Figure 4. Loss of MITOK impairs mitochondrial structure and function.

(a) Swelling traces of wild type mitochondria (three independent experiments with similar results). (b) Mitochondrial swelling rates in K⁺-based media. n=2 independent experiments, *p ≤ 0.009 using two-way ANOVA with Holm-Sidak correction. (c) Quantification of Δψ_m flashes. n > 10 independent experiments, *p ≤ 0.001 using two-way ANOVA with Holm-Sidak correction. (d) OCR measurements. n = 5 biological replicates, representative of three independent experiments. (e) TEM images of mitochondrial ultrastructure, representative of two independent preparations. (f) Analysis of mitochondrial morphology during energy stress. Box plots indicated the % of organelle area occupied by elongated (cyan), intermediate (grey) or fragmented (magenta) mitochondria. Scale bars indicate 10μm. n ≥ 22 individual cells from 3 independent experiments, *p < 0.01 using one-way ANOVA with Holm-Sidak correction. (g) Schematic representation of mitoK_ATP channels.
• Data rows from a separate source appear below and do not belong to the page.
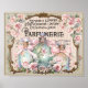 Garrafas de Perfume Vintage Rosas Poster de Script Francês em um fundo listrado rosa e branco! Horizontal 10" x 8"
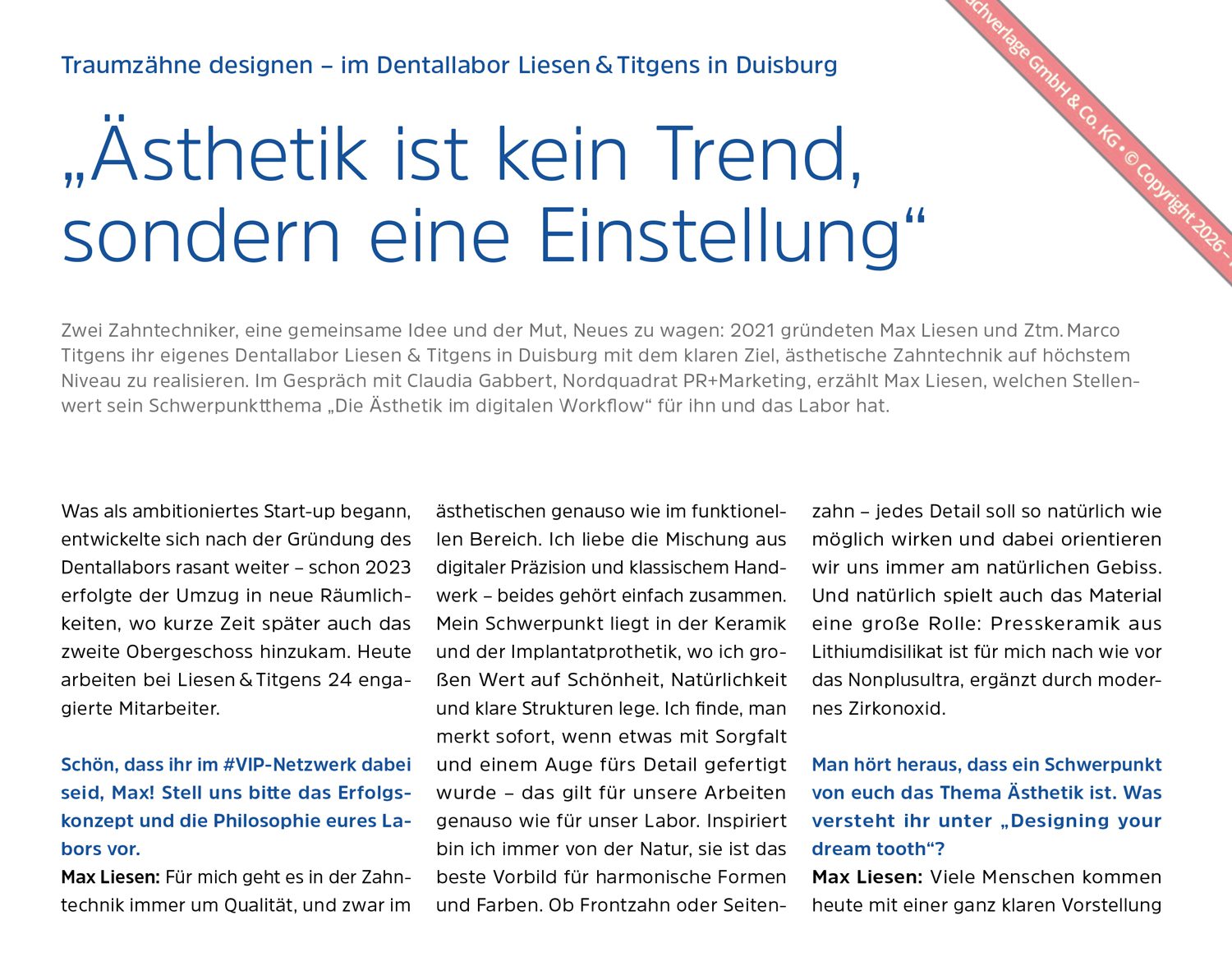 Zwei Zahntechniker, eine gemeinsame Idee und der Mut, Neues zu wagen: 2021 gründeten Max Liesen und Ztm. Marco Titgens ihr eigenes Dentallabor Liesen & Titgens in Duisburg mit dem klaren Ziel, ästhetische Zahntechnik auf höchstem Niveau zu realisieren. Im Gespräch mit Claudia Gabbert, Nordquadrat PR+Marketing, erzählt Max Liesen, welchen Stellenwert sein Schwerpunktthema „Die Ästhetik im digitalen Workflow“ für ihn und das Labor hat.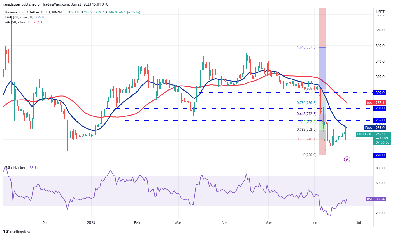 BNB (BNB) turned down from the 20-day EMA ($255) on June 22, indicating that the sentiment remains negative and traders are selling on rallies.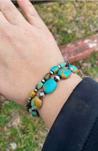 Turquoise Clasp Bracelet with Sterling Silver Beads | Southwestern Western Jewelry

Figure 5. Mitok is required for diazoxide-induced cardioprotection.

(a) ⁸⁶Rb⁺ flux in isolated mitochondria. n = 3 independent experiments. (b) ⁸⁶Rb⁺ uptake rate. n = 3 independent experiments, * p ≤ 0.029 using two-tailed Student's t-test. (c) Western blot of wt and Mitok-KO liver mitochondria. (d-e) Heart injury after ischemia/reperfusion, evaluated as % of LDH release (d, mean ± s.d., n ≥ 5 independent animals, *p < 0.001 using two-way ANOVA with Holm-Sidak correction), or % of infarct area after TTC staining (e, mean ± s.d., n ≥ 7 independent animals *p = 0.008). Single measurements are provided in Source Data Tables.